Friday, September 19, 2014
Last time we discussed the taxation of an inverting corporation.
There are three levels of tax severity to the corporation itself:
(1) The IRS ignores the inversion completely and continues to tax the foreign company as if it were a U.S. company
(2) The IRS will respect the foreign company as foreign, but woe to whoever tries to move certain assets out of the U.S. or otherwise use certain U.S. – based tax attributes for a period of 10 years.
(3) The IRS will respect the transaction without reservation.

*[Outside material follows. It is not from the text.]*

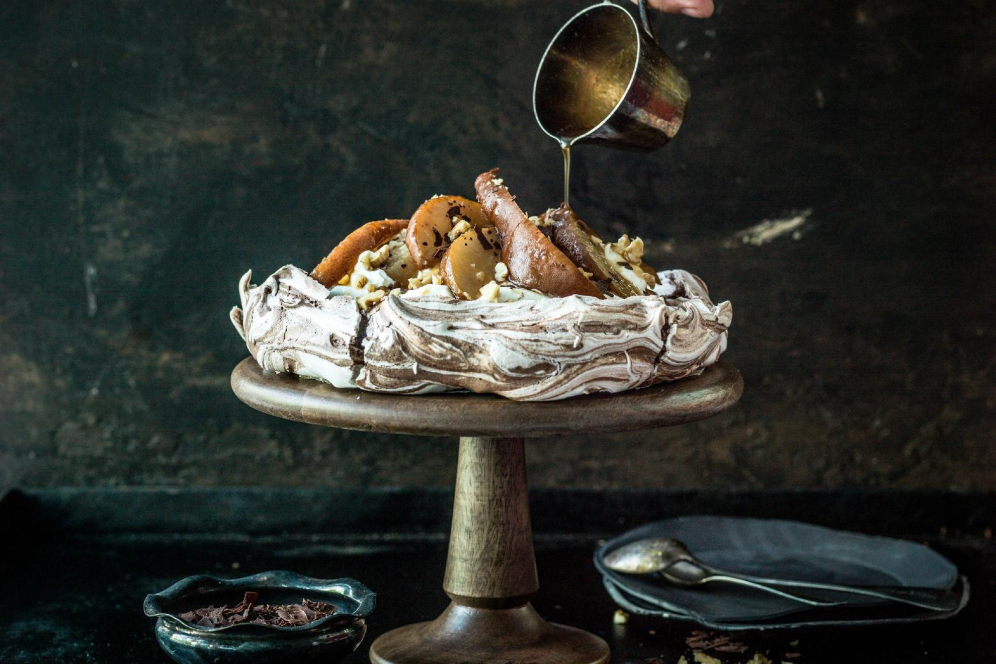 con il cacao in polvere, quindi unirlo nuovamente al restante composto con una spatola in gomma, in modo da creare un effetto marmorizzato. Stendere il composto su una placca foderata con carta da forno formando un disco da ca. 20 cm di Ø e cercando di alzarne leggermente il bordo con una spatola. - In forno/Far asciugare: cuocere per ca. 20 min. nella parte inferiore del forno preriscaldato a 150°C. Ridurre la temperatura a 120°C e lasciar asciugare la pavlova per ca. 1 ora ½. Farla raffreddare nel forno spento, tenendo lo sportello aperto.

Then there is the toll-charge on the shareholders. If they own more than 50% of the new foreign company, the shareholders will pay tax on their shares AS IF they had sold them rather than exchanged them for stock in the new foreign parent. The practical effect is that any inversion has to include cash to the U.S. shareholders, otherwise such shareholders would be reaching into their wallet to pay tax (and would likely vote to scuttle any inversion deal).
It was this toll charge that caught the attention of Congress. If you think about it, someone owning actual shares would be taxed, but someone having a future right to shares would not. Who would such a person be? How about corporate insiders: management and directors? Executives frequently receive stock options and other stock-based compensation. Congress felt that management and directors should also have “skin in the game,” thus the origin of Section 4985.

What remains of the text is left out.